Moving forward, Sheffi also predicts a rising need for workers who are good at dealing with customers. “As blue-collar jobs get automation, more people will work in service jobs where social skills are valued.” He described how AI will create increasingly complex consumer products, requiring companies to hire employees to work in customer service who are both technically savvy and good communicators.
David Schwebel, head of sales, corporate and strategic business development for RightHand Robotics and executive director of MHI Solutions Community, tells the story of an apparel company that, after the addition of automation, shifted many of its employees from picking to writing personal notes to customers. The company enjoyed a strong reduction in fulfillment costs due to the automation, and unexpected revenue increases due to the notes, illustrating how competitive advantages can arise when employees are allowed to be human. “The automation paved the way to a brand-new selling feature that delighted their customers. Automation unlocks workers’ capabilities and companies’ capabilities,” Schwebel said.
Given recent struggles to staff warehouses and distribution centers, there will be a reluctance to lay off employees. “It’s so shockingly difficult to find people who actually understand your supply chain, so once you have them, you should never, ever let them go,” Schwebel stated.
In addition to limiting the number of mind-numbing tasks humans must perform, AI also reduces workplace injury.
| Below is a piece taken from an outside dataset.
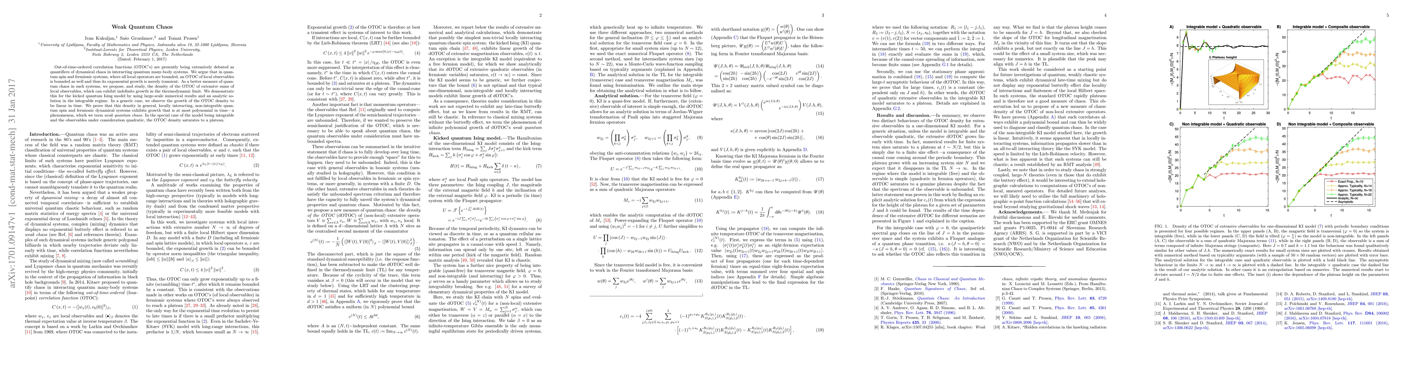 This paper proposes that in bounded quantum systems, the traditional out-of-time-ordered correlation functions (OTOCs) exhibit only transient chaos, while the density of OTOCs for extensive sums of local observables shows indefinite growth, termed "weak quantum chaos," which can be polynomial in time. This concept is demonstrated in the kicked quantum Ising model.

For example, Wise describes how Agility’s Digit keeps people out of dangerous areas and can “take on repetitive tasks such as reaching and bending, which will save people from suffering repetitive stress injuries.” By reducing both the physical and mental toll on employees, AI can help reduce the dreaded turnover that has plagued warehouses and distribution centers.
Sustainability Efforts Will Create Jobs
Just like implementing AI is necessary for a supply chain’s survival, so is investing in sustainability. Speaking at MHI’s Annual Conference in October 2023, Gerd Leonhard, futurist and CEO of The Futures Agency, stated that companies who aren’t looking for net zero now will not exist in the future. Although there is often a perception that implementing green practices can tank a company’s balance sheet, Leonhard believes that view is shortsighted. “Green is the new digital. Every penny that is spent on this today will come back multifold,” he said.
The quest for sustainability will leave no link of a supply chain untouched. New jobs (or upskilling opportunities) will be created for people who can monitor environmental performance. There will also be a need for technicians who can work with the future green technology that will be implemented into warehouses and distribution centers.